Si "sobre" significa "enveloppe" , me pregunto si "documentado" no se referiría a "con todos los datos necesarios para el envío", o sea con la dirección del destinatario.... Es una simple sugerencia ...sin convicción


----------



## Eva Maria

josepbadalona said:


> Si "sobre" significa "enveloppe" , me pregunto si "documentado" no se referiría a "con todos los datos necesarios para el envío", o sea con la dirección del destinatario.... Es una simple sugerencia ...sin convicción


 

JB,

Pues sí!
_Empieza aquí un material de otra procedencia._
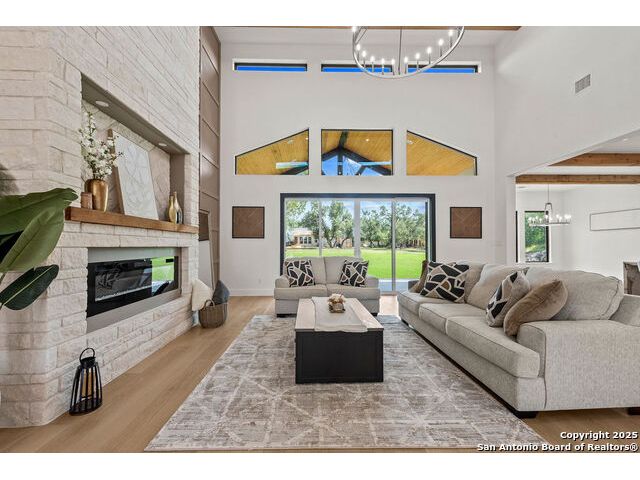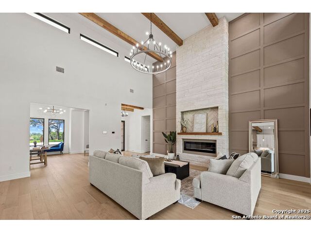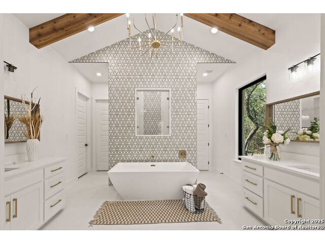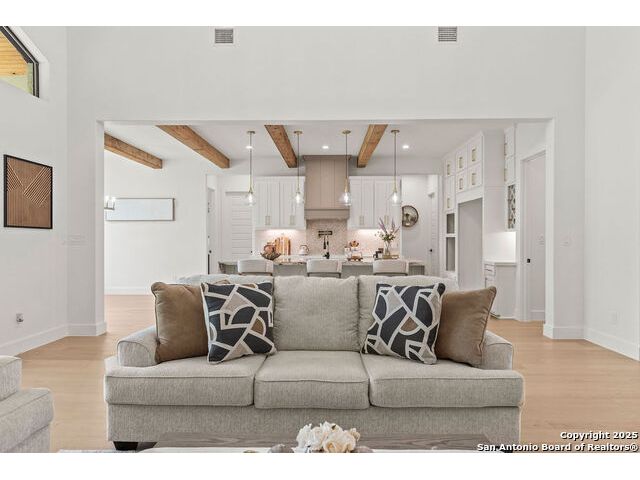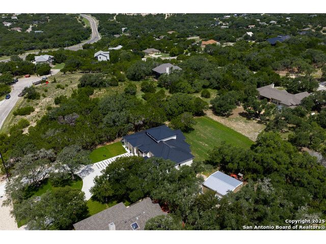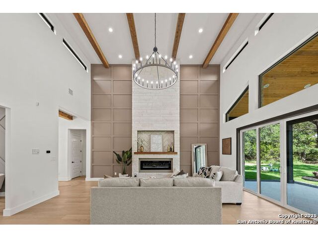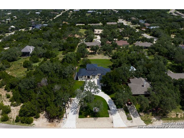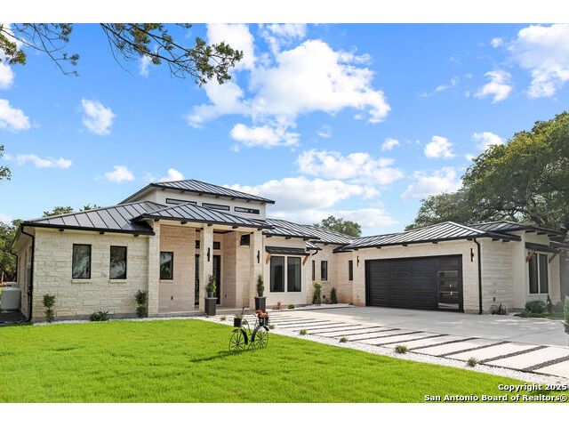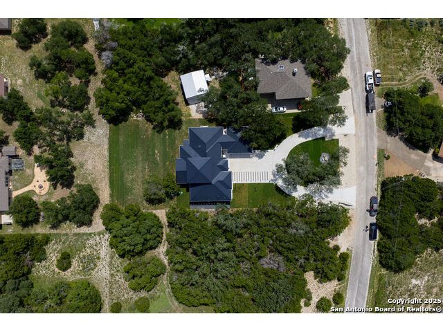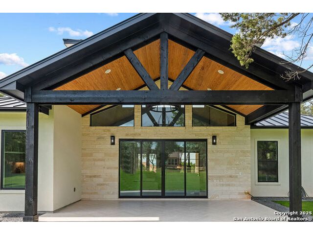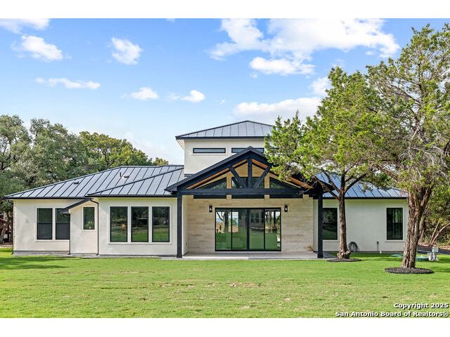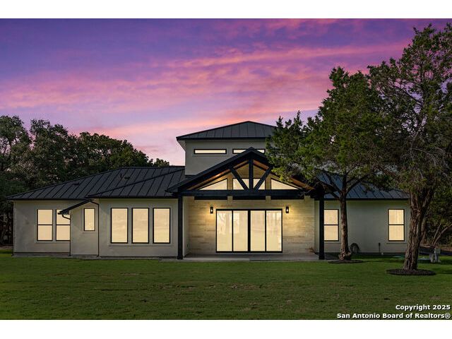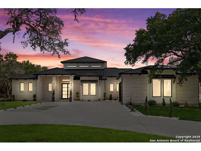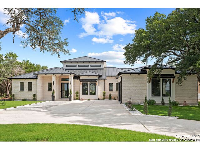Masterful design meets modern luxury in this one-of-a-kind home crafted by ACH Homes. A true show-stopper, this stunning residence features sleek, contemporary finishes and bold geometric-inspired design elements throughout-delivering exceptional style and sophistication at every turn. The front of the property features stunning limestone masonry, lush landscaping, and a modern circular driveway that adorns this 0.56-acre lot. The living area is bright and open, with exposed beams, high ceilings, and a stunning fireplace. Many windows offer a view of the Hill Country sunsets. You have an elegant dining room. Perfect for entertaining. This gourmet kitchen is designed to impress even the most discerning chef. Cedar wood beams and gold hardware bring warmth and elegance to the space, a marble island, a built-in oven and microwave, pendant lighting, and a sleek pot filler above the cooktop. A spacious walk-in pantry provides storage, and the built-in wine rack adds a touch of sophistication. Thoughtfully designed to accommodate a Sub-Zero refrigerator, this kitchen strikes a balance between beauty and practicality. Your spacious primary is spacious and serene. Wood beams and an accent wall lend this space an elegant feel. French doors lead you to a stunning ensuite with gold accents. It has a large walk-in shower, a Picturesque window, his/her vanities, a water closet, a soaking tub with a gorgeous tile accent wall, and a WIC. Feel like you're stepping into a spa every time you walk into this exquisite space. Two additional bathrooms and baths are spacious and bright. When it is time to relax, venture out to the expansive covered patio. Entertain in style in this space. It is located a short distance from Canyon Lake and Yogi Bear's Jellystone Park. Rent tubes to float down the river, jet ski on the lake, hike the various trails near the home, browse the boutique shops in town, be close to main roads, do lake activities, Wimberley shopping, San Antonio, and more.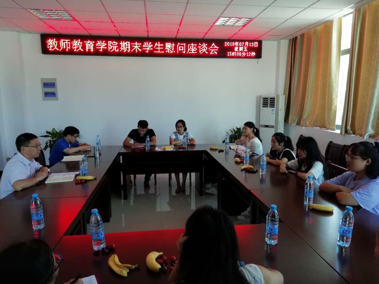 7月13日下午,公司在会议室召开期末员工慰问座谈会。本次慰问对象主要为本学期因突发事故导致家庭经济困难的员工。公司党委副书记许世平、副经理汪洋、全体辅导员老师参加座谈会。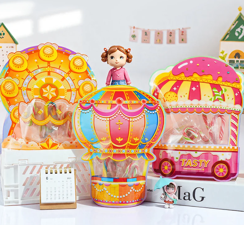 La base autoportante permite una presentación estable y atractiva, mejorando la visibilidad del producto y favoreciendo la decisión de compra por impulso. Además, su diseño temático las hace especialmente atractivas para el público infantil y para marcas que buscan un empaque memorable.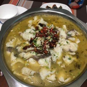 鱼块下锅前加少许淀粉拌匀,炒锅放油烧热,下鱼块翻炒一下,使鱼块定型,有条件的过一下油锅炸一下,鱼块炒完倒出,加油炒姜片,酸菜,加三斤左右的开水,下鱼块,大火将汤煮白,佐料里面还有一包调味包加到汤里,大概煮三分钟捞出鱼块、酸菜放火锅盆内打底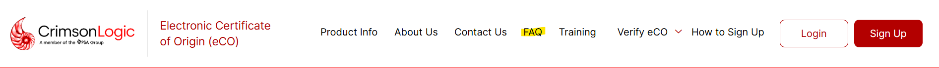 Step 1: Please go to eCO System https://certoforigin.crimsonlogic.com/eco/cusLogin/login.cl then click FAQ.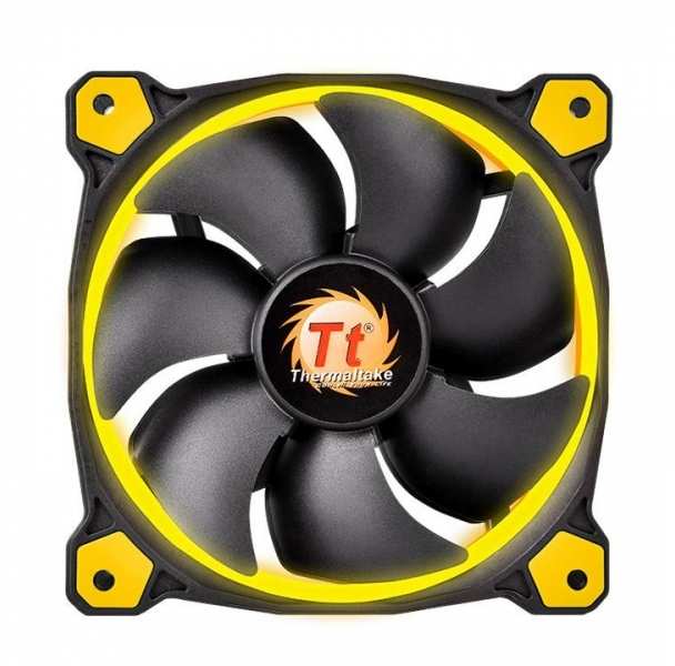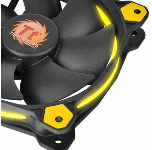 Thermaltake Riing 14. Suitable for Computer case, Type Fan, Fan diameter 14 cm. Product colour Black,Yellow, Illumination colour Yellow. Power consumption (typical) 3 W, Voltage 12 V, Rated current 0.25 A. Width 140 mm, Depth 140 mm, Height 25 mm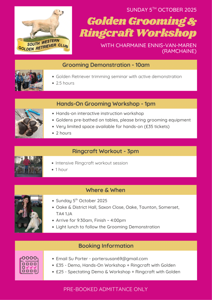 Our puppy register is now available to view at www.swgrc.co.uk./puppies & by clicking “Available Litters”. We currently have 2 litters available. Members can register their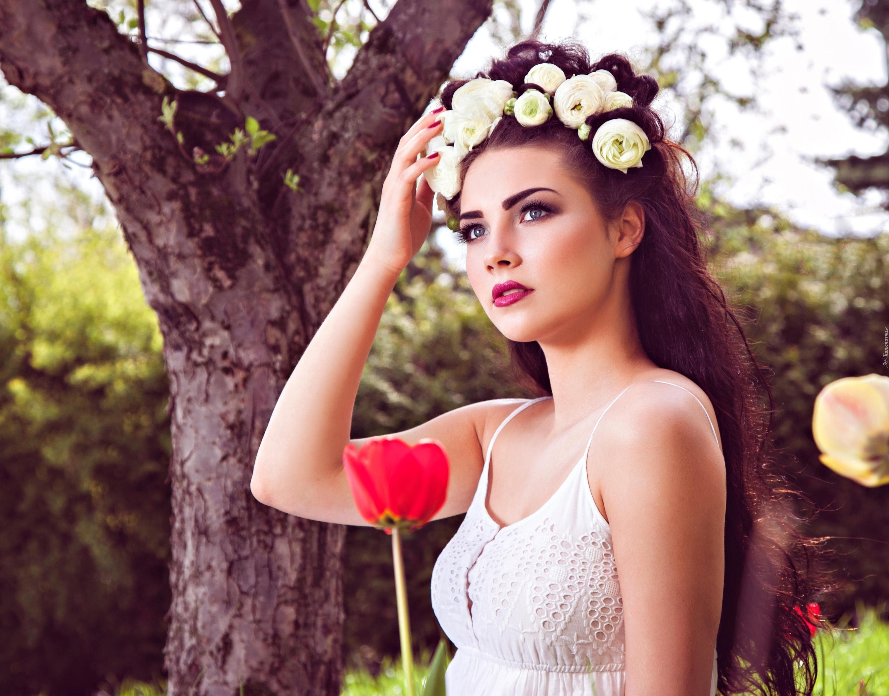 Edytor tapety: Kobieta, Makijaż, Kwiaty, Drzewo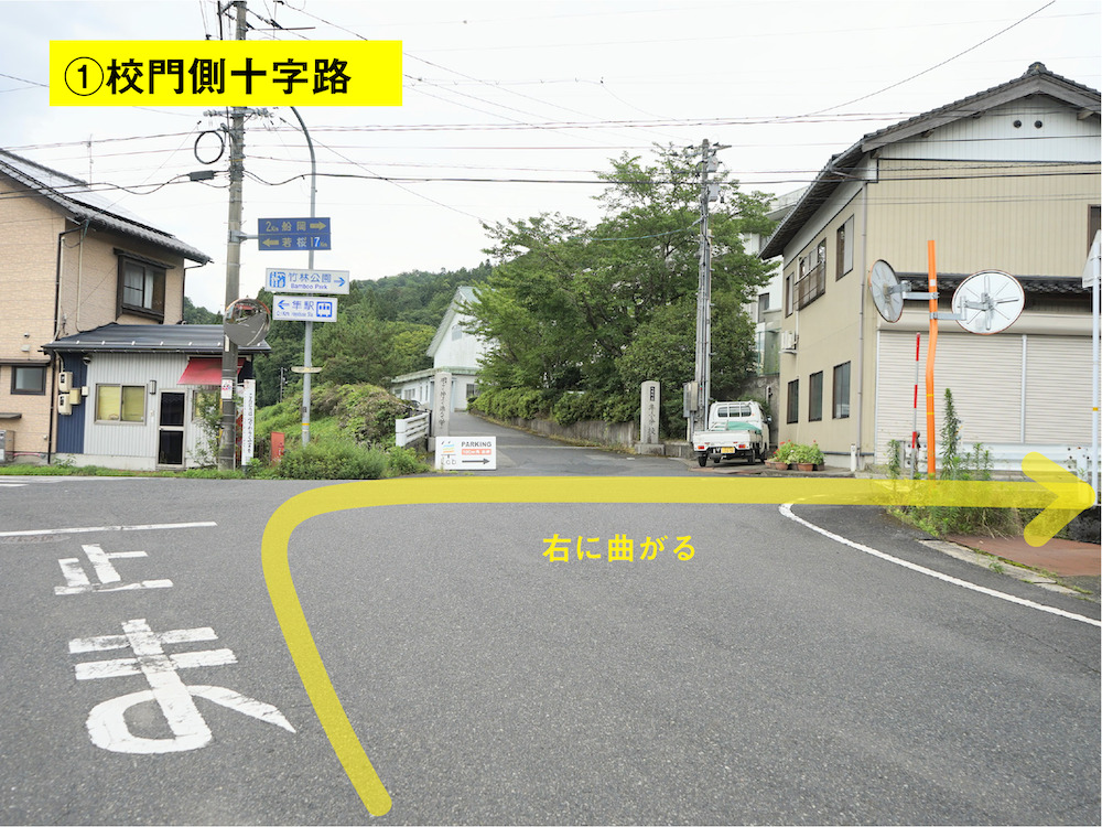 国道29号線方面から隼Lab.を目指すと、校門側の十字路に到着します。ここを右に曲がります。

Tras reeler el párrafo entero del texto, he llegado a tu misma conclusión! 

Alors, je pense que "enveloppe documentée" peut faire le faire.
**** Chat. Martine (Mod...)

EM


----------



## josepbadalona

Eva Maria said:


> JB,
> 
> je pense que "enveloppe documentée" peut faire le faire.(permíteme = peut faire l'affaire)
> **** Chat. Martine (Mod...)
> 
> EM


----------



## lpfr

Eva Maria said:


> Alors, je pense que "enveloppe documentée" peut faire le faire.


 

  Creo que mejor sería "enveloppe avec documentation"

**** Chat. Martine (Mod...)


----------



## josepbadalona

mjbrolania said:


> la verdad es que suena fatal ¿por qué no nos das el contexto?


 
c'est vrai = on dit en général dans ce cas :
... (à nous retourner accompagné d') 
une enveloppe à vos nom et adresse/ une enveloppe libellée à vos nom et adresse/ une enveloppe portant votre adresse complète ...


----------



## Tina.Irun

Hola.
¿no podría ser un sobre con documentación en su interior?
donc une lettre avec documents inclus?


----------



## Gévy

Hola:

Iba a decir lo mismo que Iglesia, es un sobre que contiene todos los documentos.

Une enveloppe contenant les documents.

Bisous,

Gévy


----------



## Eva Maria

mjbrolania said:


> la verdad es que suena fatal ¿por qué no nos das el contexto?


 

Mj,

Es la descripción de un sobre:

sobre (cerrado, documentado y listo para enviar), conteniendo....

Pienso que quizá "documentée" aquí, con el sentido implícito de "con la dirección y los sellos puestos", no quedaría tan mal (ya que en español lo han puesto tal cual).

EM



josepbadalona said:


> c'est vrai = on dit en général dans ce cas :
> ... (à nous retourner accompagné d')
> une enveloppe à vos nom et adresse/ une enveloppe libellée à vos nom et adresse/ une enveloppe portant votre adresse complète ...


 

JB,

Oui, pero demasiada explicación. En español en el original ponen únicamente "documentado", imagino que significando "libellée à le nom et adresse de l'entreprise / portant l'adresse complète de l'entreprise".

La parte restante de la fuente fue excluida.